The Mousetrap
- Genre: Play; mystery
- Originally Published: 1950
- Reading Level/Interest: College/Adult
- Structure/Length: Two acts, two scenes; approx. 70 pages
- Protagonist/Central Conflict: Seven strangers are snowed in at a remote guesthouse in the country. A police sergeant arrives and tells them there is a killer among them, and the strangers are forced to reveal their sordid pasts. But who is the killer?
- Potential Sensitivity Issues: Murder; stereotypes; racial slurs
Agatha Christie, Author
- Bio: 1890-1976; English writer known as the “Queen of Crime” for her detective novels and for writing the world’s longest-running play, The Mousetrap; studied voice and piano in Paris at 16; served as a nurse during WWI; wrote over 70 detective and mystery novels in her lifetime, many adapted to stage plays and film; earned the Mystery Writers of America's Grand Master Award in 1955; awarded the title of Dame Commander of the Order of the British Empire in 1971; holds the title of the most-translated individual author and a Guinness World Record for best-selling fiction writer of all time with more than two billion copies sold
- Other Works: Murder on the Orient Express (1934); Death on the Nile (1937); And Then There Were None (1939); A Pocket Full of Rye (1953); Sleeping Murder (1976)
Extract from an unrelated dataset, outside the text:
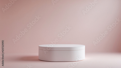White display stand for commercial product advertisements with a soft pink background for professional use Realistic 3D Podium for Mockup

CENTRAL THEMES connected and noted throughout this Teaching Unit:
- The Construction of Identity
- The Legacy of Trauma
- The Conventions of Detective Fiction
STUDY OBJECTIVES: In accomplishing the components of this Unit, students will:
- Develop an understanding of the cultural and historical contexts regarding detective fiction plays that drive the characters’ conflict.
- Analyze paired texts and other brief resources to make connections via the text’s themes of Identity, Trauma, and Conventions.
- Plan, design, and compose a scene of a play using a nursery rhyme based on text details.
- Analyze and evaluate plot and character details to draw conclusions in structured essay responses regarding red herrings, nursery rhymes, and other topics.